The above results are further supported by a similar LLNA study performed as per OECD 429 Guidelines to assess the dermal sensitization potential of the test chemical. Groups of female CBA mice (7-12 weeks of age) were exposed topically on the dorsum of both ears to 25µl of the test material or to an equal volume of relevant vehicle only. Treatment was performed daily for 3 consecutive days. Five days after the initiation of exposure, all mice were injected via the tail vein with 250 µL of phosphate buffered saline (PBS) containing 20 µCi of tritiated thymidine. Mice were sacrificed 5 hours later, and the draining auricular lymph nodes were excised and pooled for each experimental group or each individual animal. The incorporation of tritiated thymidine measured by beta scintillation counting was reported in disintegrations per minute (dpm). A stimulation index (SI) was calculated for each chemical-treated group as the ratio of the dpm of the treated group (or mean dpm when individual animals were assessed) to the dpm or mean dpm of the concurrent vehicle control group. The approach to estimation of the relative skin sensitization potential was based on the mathematical estimation of the concentration of chemical necessary to obtain a threshold positive response (SI = 3); this is termed as the EC3 value. A substance was classified as a skin sensitizer if it induced a threefold or greater increase in local lymph node proliferative activity at one or more test concentrations when compared with concurrent vehicle-treated controls (SI≥3).

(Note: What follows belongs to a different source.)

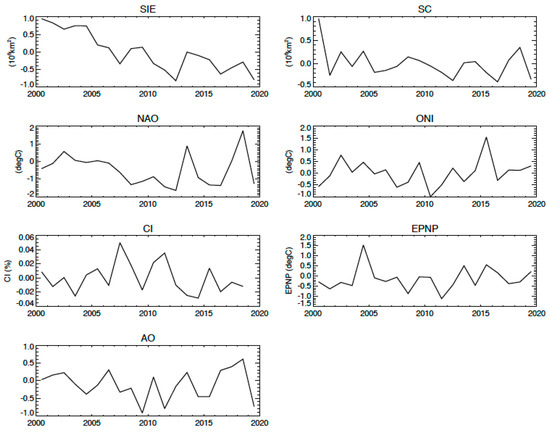 Major indices used in the correlation analysis for the Arctic TOA fluxes during JJA: Arctic sea ice extent (SIE), snow cover (SC), Northern Atlantic oscillation (NAO), oceanic niño index (ONI), mean 1° × 1° cloudiness index (CI) at 55°N–65°N latitudes, Pacific - North Pacific (EPNP), and Arctic oscillation (AO).

The relative potency index of the test chemical was calculated to be 0.05.

Based on the relative potency index, the test chemical was considered to be an extreme sensitizer.

Considering the results of the in vivo studies, the test chemical can be considered to be sensitizing to skin. Comparing the above annotations with the criteria of CLP Regulation, the test chemical can be classified under the category “Skin Sensitizer 1”.

Respiratory sensitisation

Endpoint conclusion
Endpoint conclusion:
no study available

Justification for classification or non-classification

Available studies for the test chemical indicate a very strong possibility that the test chemical has the potential to cause moderate sensitization to skin. Hence, the test chemical can be considered to be a skin sensitizer.